A Rate-Distortion-Classification Approach for Lossy Image Compression
Yuefeng Zhang
TL;DR
This work proposes Rate-Distortion-Classification (RDC), a joint optimization framework that extends rate-distortion theory to account for machine-based visual analysis by incorporating a classification constraint. The authors develop theoretical RDC formulations, analyze Bernoulli and general source cases, and demonstrate convexity and monotonicity properties under suitable assumptions. Empirically, they validate RDC on MNIST using an auto-encoder with interval coding and soft quantization, balancing distortion and a pretrained classifier’s performance to observe the predicted rate–distortion–classification trade-offs.
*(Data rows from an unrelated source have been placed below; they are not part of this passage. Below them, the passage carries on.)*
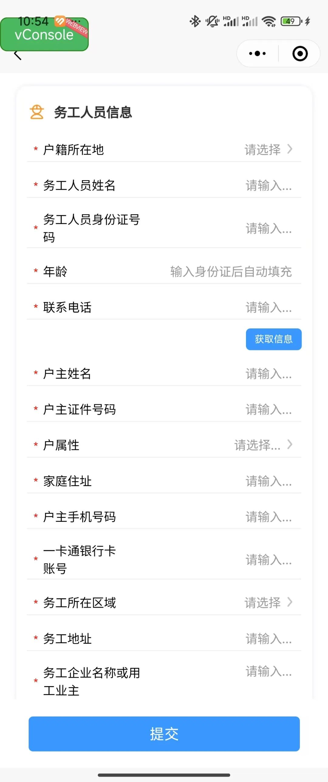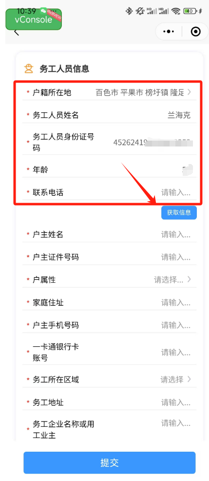 (2)填寫戶籍所在地、務(wù)工人員信息后,點(diǎn)擊【獲取信息】可以自動(dòng)生成戶主信息以及外出務(wù)工自證說明。
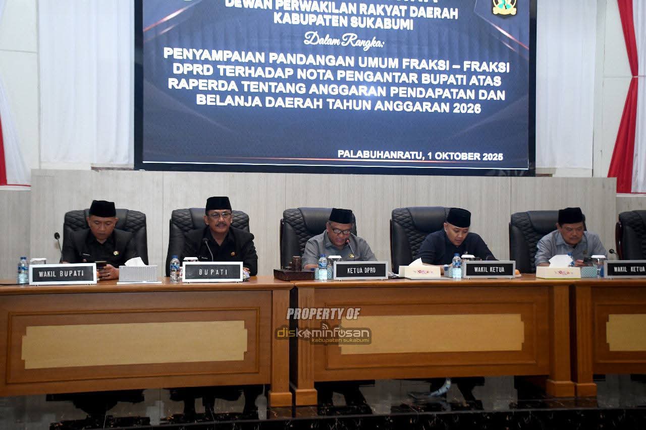 Bupati Sukabumi H Asep Japar bersama Wakil Bupati H Andreas menghadiri Rapat Paripurna DPRD Kabupaten Sukabumi dengan agenda penyampaian pandangan umum fraksi-fraksi terhadap nota pengantar Bupati atas Rancangan Peraturan Daerah (Raperda) tentang Anggaran Pendapatan dan Belanja Daerah (APBD) Tahun Anggaran 2026.
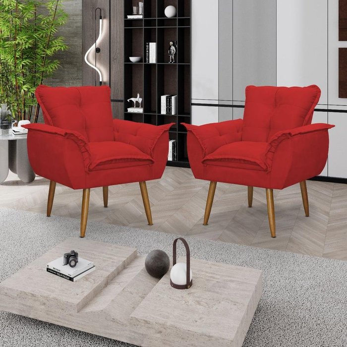 Kit 02 Poltronas Decorativas Opala Lux Sala Recepeção Vermelha - Visan Estofados
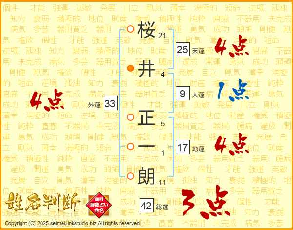 桜(21画)井(4画) 正(5画)一(1画)朗(11画)
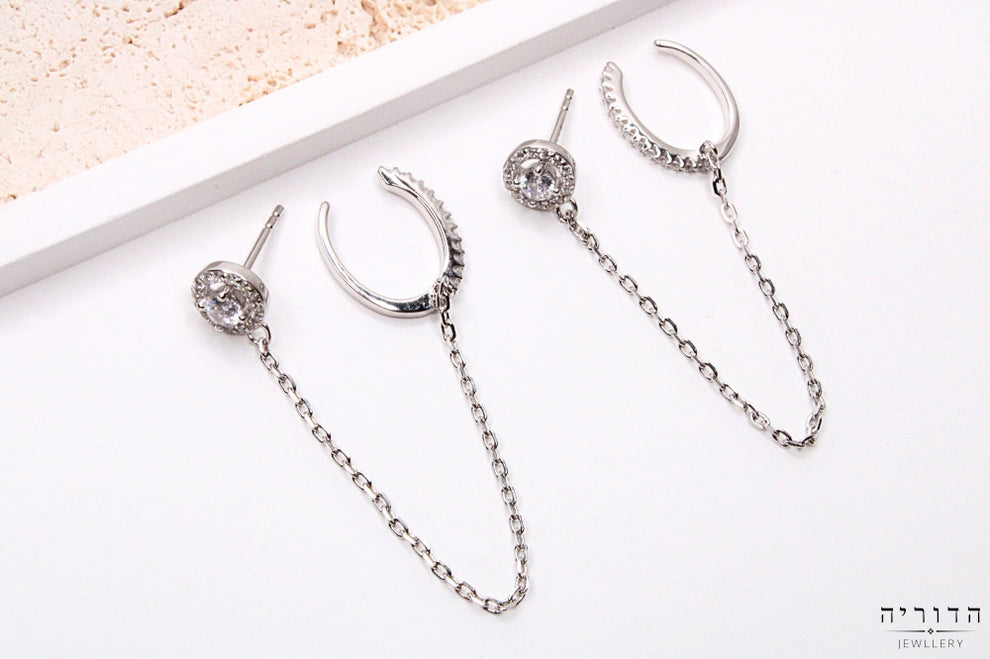 סטאד קטן עם אבן במרכז. חישוק שנכנס מאחוריו. שרשרת עדינה שנופלת מאחורי האוזן.
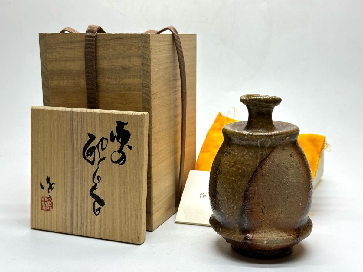 - 隠崎隆一 岡山県無形文化財 備前 徳利 酔器 共箱 共布 栞 ⑦
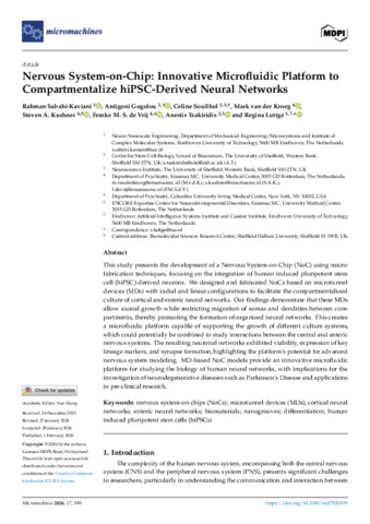 SABAHI-KAVIANI, Rahman, GOGOLOU, Antigoni, SOUILHOL, Celine, VAN DER KROEG, Mark, KUSHNER, Steven A, DE VRIJ, Femke MS, TSAKIRIDIS, Anestis and LUTTGE, Regina (2026). Nervous System-on-Chip: Innovative Microfluidic Platform to Compartmentalize hiPSC-Derived Neural Networks. Micromachines, 17 (2): 199. [Article]
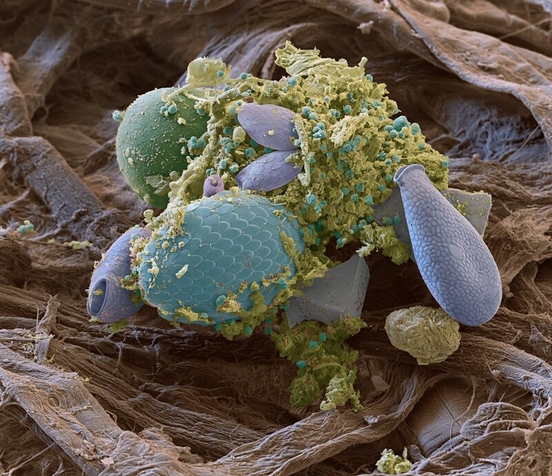 Различные по форме и размеру раковины почвенных амёб. Сканирующий электронный микроскоп
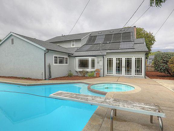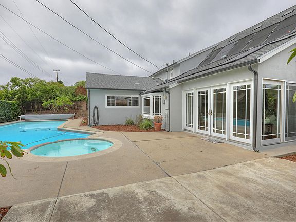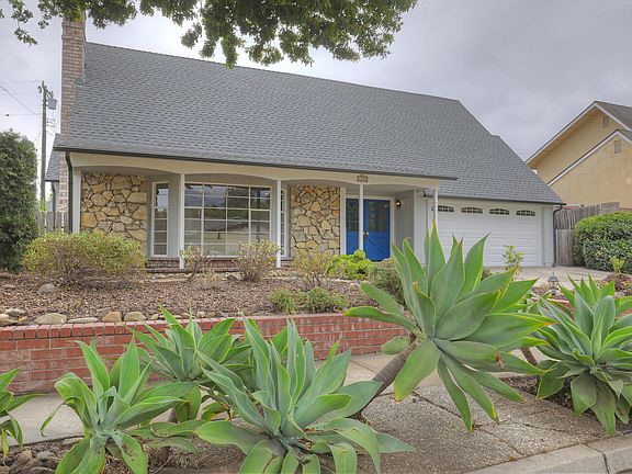 Don't miss this 5-bedroom home with a pool and attached spa in Goleta! The lower level features a primary bedroom with an ensuite bathroom, two additional bedrooms, and another full bathroom off the hallway. Upstairs features one bedroom, an additional finished room with a closet and window, and another full bathroom off the upper hallway/landing. Other sources list this home as 4 bedrooms; the 5-bedroom count entered in the MLS includes the finished upstairs room. The living room features a fireplace. The kitchen connects to dining, and flexible-use spaces. The home also includes a downstairs laundry area and an attached two-car garage. Enjoy the pool, attached spa, and patio. The home is located just a short distance from parks, schools, grocery stores, and shopping.
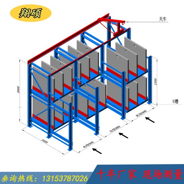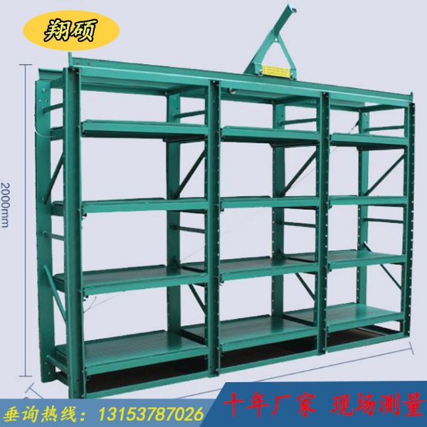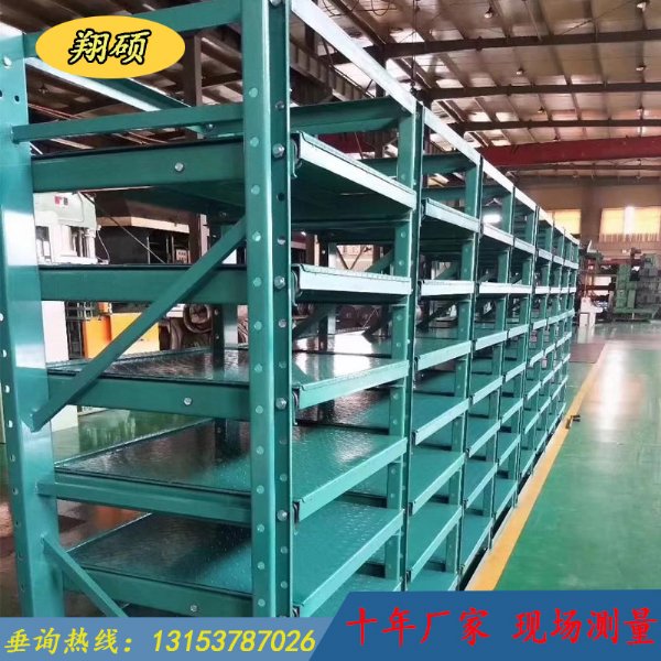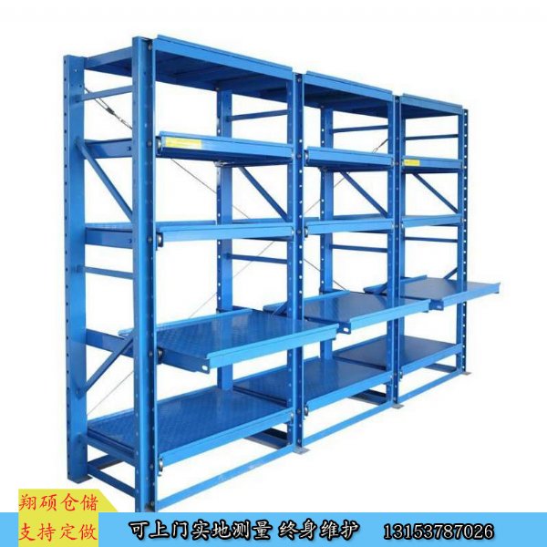 模具架。主要存放各种模具物品,根据层载能力要求分为轻型模具货架和重型模具货架。货架顶部可配置移动葫芦车,以方便模具的起吊。模具货架按照抽屉是否可全部抽出可分为全开模具货架和半开模具货架。
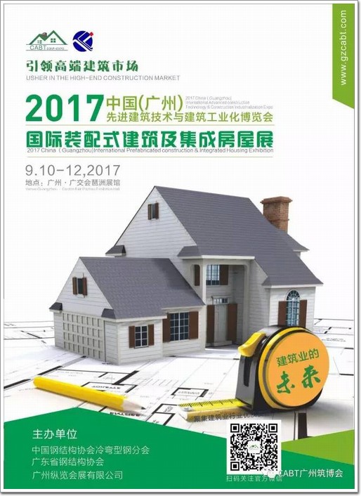 由中國鋼結構協會冷彎型鋼分會、廣東省鋼結構協會、廣東現代建筑工業化產業技術創新聯盟、廣州縱覽會展有限公司等單位聯合舉辦的“2017廣州先進建筑技術與建筑工業化博覽會”簡稱:中國筑博會(英文縮寫:CABT)定于2017年9月10-12日在廣州廣交會琶洲展館舉行,展會將同期舉辦“2017中國國際裝配式建筑高峰論壇”(主題論壇)、“第二屆中國國際冷彎型鋼博覽會”等展覽及會議,旨在推動建筑裝配化、集成化、工業化,促進行業技術交流和先進建筑技術的大力發展。
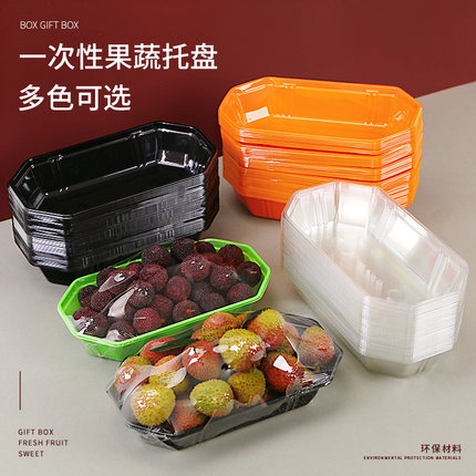 船型款一次性pet透明塑料打包盒黑色水果蔬菜250克芒果葡萄托盘盒
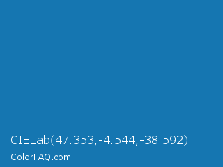 CIELab 47.353,-4.544,-38.592 Color is a normal blue color and the nearest color is Green Blue #1164b4. Hex code #1576b1 and RGB value is rgb(21,118,177). In RGB color space, this color is composed of 8% red, 46% green, 69% blue, In CMYK color space, this color is composed of 88% cyan, 33% magenta, 0% yellow , 31% black , In HSL color space, this color has a hue angle of 203° , 79% saturation and 39% lightness.

The results indicate that higher coding rates reduce both pixel-level distortion and classification error, supporting the viability of end-to-end, machine-friendly compression approaches and guiding future Video Coding for Machine (VCM) methods.
Abstract
In lossy image compression, the objective is to achieve minimal signal distortion while compressing images to a specified bit rate. The increasing demand for visual analysis applications, particularly in classification tasks, has emphasized the significance of considering semantic distortion in compressed images. To bridge the gap between image compression and visual analysis, we propose a Rate-Distortion-Classification (RDC) model for lossy image compression, offering a unified framework to optimize the trade-off between rate, distortion, and classification accuracy. The RDC model is extensively analyzed both statistically on a multi-distribution source and experimentally on the widely used MNIST dataset. The findings reveal that the RDC model exhibits desirable properties, including monotonic non-increasing and convex functions, under certain conditions. This work provides insights into the development of human-machine friendly compression methods and Video Coding for Machine (VCM) approaches, paving the way for end-to-end image compression techniques in real-world applications.